EXERCISE DIRECTIONS
With pictures left out, extract every line between the start of the records below and the line holding "Coppia di fermalibri, decoro", inclusive.

[Records contained in a dataset]
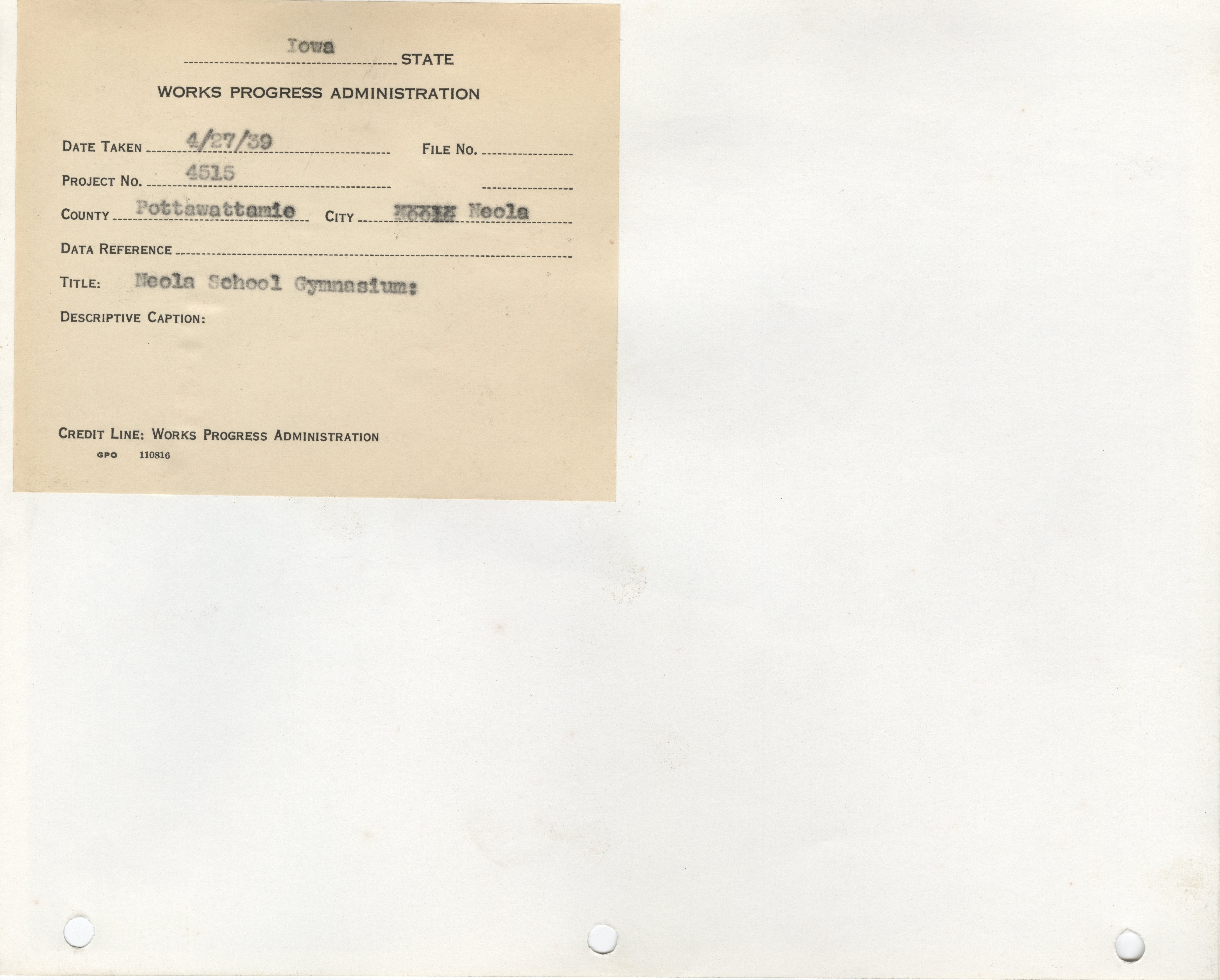 - "Photograph of school gymnasium construction in Neola", Work Projects Administration (Iowa) Photographs, Iowa State University Library Digital Collections
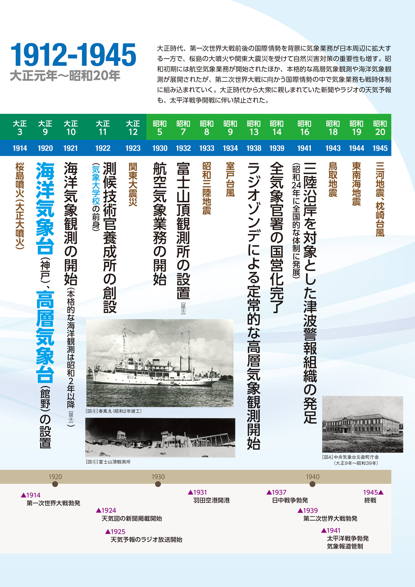 明治末期には火山観測がはじまり、大正時代に入ると海運の発展を背景として神戸に「海洋気象台」が設置されたほか、「高層気象台」、「地磁気観測所」、「測候技術官養成所」(のちの気象大学校)が誕生します。また、第一次世界大戦前後の国際情勢の中で、外地にも気象業務が拡大していきます。
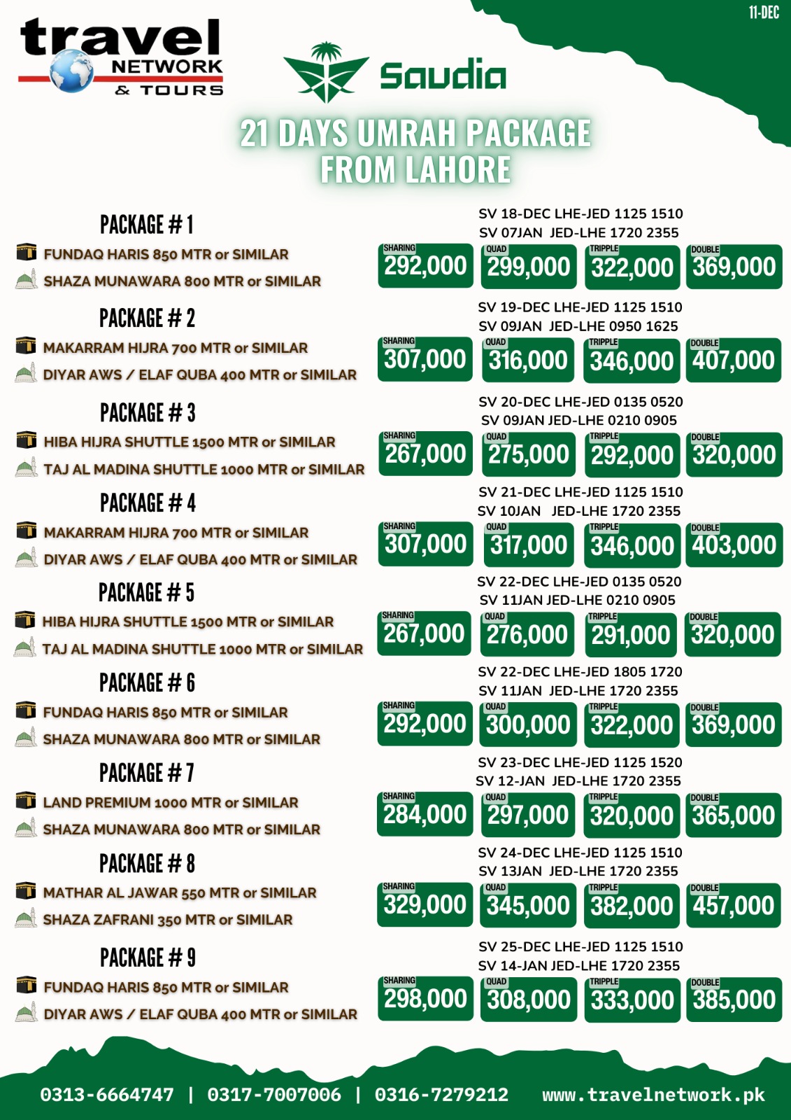 TRAVEL NETWORK (SAUDI AIRLINES) 21 DAYS UMRA PACKAGE NO (02) FROM LAHORE
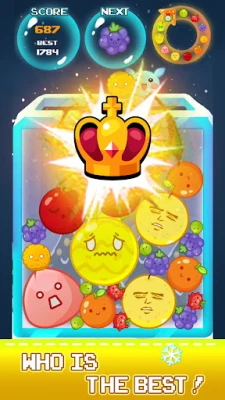 Drop Fruit is not just a puzzle game that showcases your creativity in making strategic moves, but also helps you relax with adorable fruit expressions that will entertain you as you merge fruits and create fruits in your basket. Create as many larger fruits as possible before they overflow from your basket, using your thinking skills and organization. Let's see who will be the best at merging fruits and creating more fruits. Let's Drop Fruit.
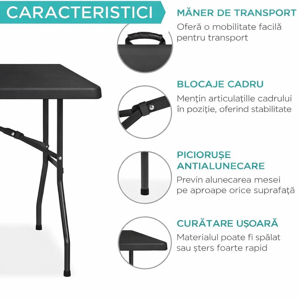 Blatul realizat din HDPE este durabil, ușor de curățat și rezistent la condiții meteo variate, iar cadrul metalic asigură stabilitate bună în utilizare. Pentru un plus de siguranță, masa este prevăzută cu sistem de blocare la deschidere și capete antiderapante la picioare.
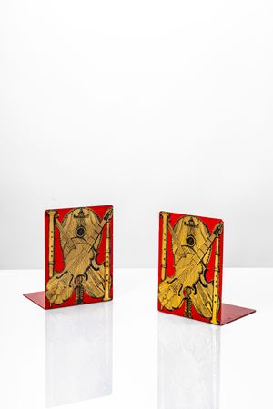 Coppia di fermalibri, decoro strumenti musicali, 1960 circa
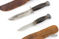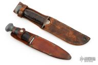 This RH-50 from PAL Cutlery features a clip point blade with .129" blade stock and .807" blade depth, hidden tang construction. The handle is comprised of a steel guard, red/white/black spacers, stacked leather grip and aluminum pommel. Includes leather sheath with belt loop. Has some oxidation and scratches, has been resharpened alot, the guard is a little loose, otherwise fair condition for its age. 4.125" blade and 8.25" overall.
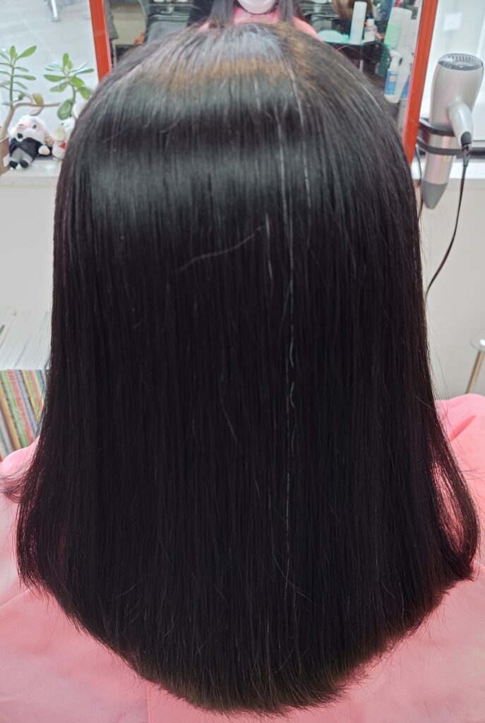 パサつきや広がりを抑え、まとまりとツヤのある髪へ導く髪質改善メニューです。 ダメージをケアしながら、扱いやすい自然な仕上がりになります。
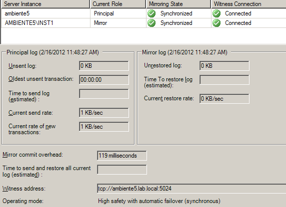 Com um database mirroring configurado com o modo High Safety with Automatic Failover conforme pode ser visto abaixo:
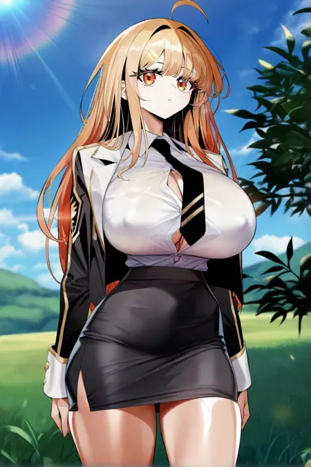 san su-yu, 금발, 오렌지색 머리, 긴 머리, 앞머리, 아호게, 거대한 가슴,
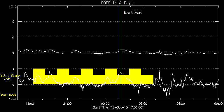 EIS Observation timeline overlay to GOES-Xray curve Code 1" 2" 40" 266" EIS Observations list for this event: STUDY ACRONYM ID DATE OBSERVED DESCRIPTION NOAA# TARGET 0 Flare266_Hunter02 | 36826 | 2013/10/18 18:15:33 | Flare Hunting on AR11865 | 1865 | Flare TIMELINE ID DATE OBSERVED FITS FILE XCEN (+W/-E) YCEN (+N/-S) DUR ----------------------------------------------------------------------------------------------------------------- 36826 | 2013/10/18 18:15:33.000 | eis_l0_20131018_181533.fits.gz | 591.40 | -439.34 | 56m53s 36826 | 2013/10/18 19:12:53.000 | eis_l0_20131018_191253.fits.gz | 595.80 | -438.73 | 56m22s 36826 | 2013/10/18 20:10:46.000 | eis_l0_20131018_201046.fits.gz | 600.28 | -438.11 | 56m21s 36826 | 2013/10/18 21:07:34.000 | eis_l0_20131018_210734.fits.gz | 604.61 | -437.49 | 56m53s 36826 | 2013/10/18 22:04:54.000 | eis_l0_20131018_220454.fits.gz | 609.01 | -436.64 | 56m54s 36826 | 2013/10/18 23:02:15.000 | eis_l0_20131018_230215.fits.gz | 613.26 | -435.95 | 56m52s 36826 | 2013/10/18 23:59:34.000 | eis_l0_20131018_235934.fits.gz | 617.43 | -435.40 | 56m54s 36826 | 2013/10/19 00:56:55.000 | eis_l0_20131019_005655.fits.gz | 621.53 | -434.71 | 56m53s 36826 | 2013/10/19 01:54:15.000 | eis_l0_20131019_015415.fits.gz | 625.62 | -433.86 | 56m53s 36826 | 2013/10/19 02:51:35.000 | eis_l0_20131019_025135.fits.gz | 629.64 | -433.32 | 56m54s : Check study information : Download file : View thumbnails For this event, also check for:
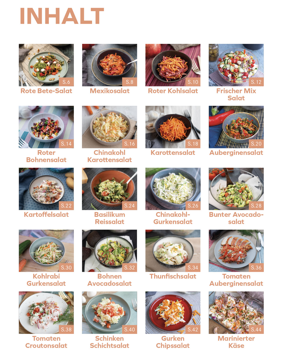 In diesem Rezeptheft findest du 20 bunt gemischte Salatkreationen, die du schnell und einfach anrichten kannst. Du benötigst nicht viel Vorbereitungszeit und zauberst im Handumdrehen eine vitamin- und mineralstoffreiche Mahlzeit für dich und deine Familie. Das Heft enthält sowohl Salate, die ausschließlich aus Gemüse bestehen, als auch sättigende Salate mit Kohlenhydratquellen wie Reis oder Kartoffeln.

OUTPUT
 - "Photograph of school gymnasium construction in Neola", Work Projects Administration (Iowa) Photographs, Iowa State University Library Digital Collections
 明治末期には火山観測がはじまり、大正時代に入ると海運の発展を背景として神戸に「海洋気象台」が設置されたほか、「高層気象台」、「地磁気観測所」、「測候技術官養成所」(のちの気象大学校)が誕生します。また、第一次世界大戦前後の国際情勢の中で、外地にも気象業務が拡大していきます。
 TRAVEL NETWORK (SAUDI AIRLINES) 21 DAYS UMRA PACKAGE NO (02) FROM LAHORE
 Drop Fruit is not just a puzzle game that showcases your creativity in making strategic moves, but also helps you relax with adorable fruit expressions that will entertain you as you merge fruits and create fruits in your basket. Create as many larger fruits as possible before they overflow from your basket, using your thinking skills and organization. Let's see who will be the best at merging fruits and creating more fruits. Let's Drop Fruit.
 Blatul realizat din HDPE este durabil, ușor de curățat și rezistent la condiții meteo variate, iar cadrul metalic asigură stabilitate bună în utilizare. Pentru un plus de siguranță, masa este prevăzută cu sistem de blocare la deschidere și capete antiderapante la picioare.
 Coppia di fermalibri, decoro strumenti musicali, 1960 circa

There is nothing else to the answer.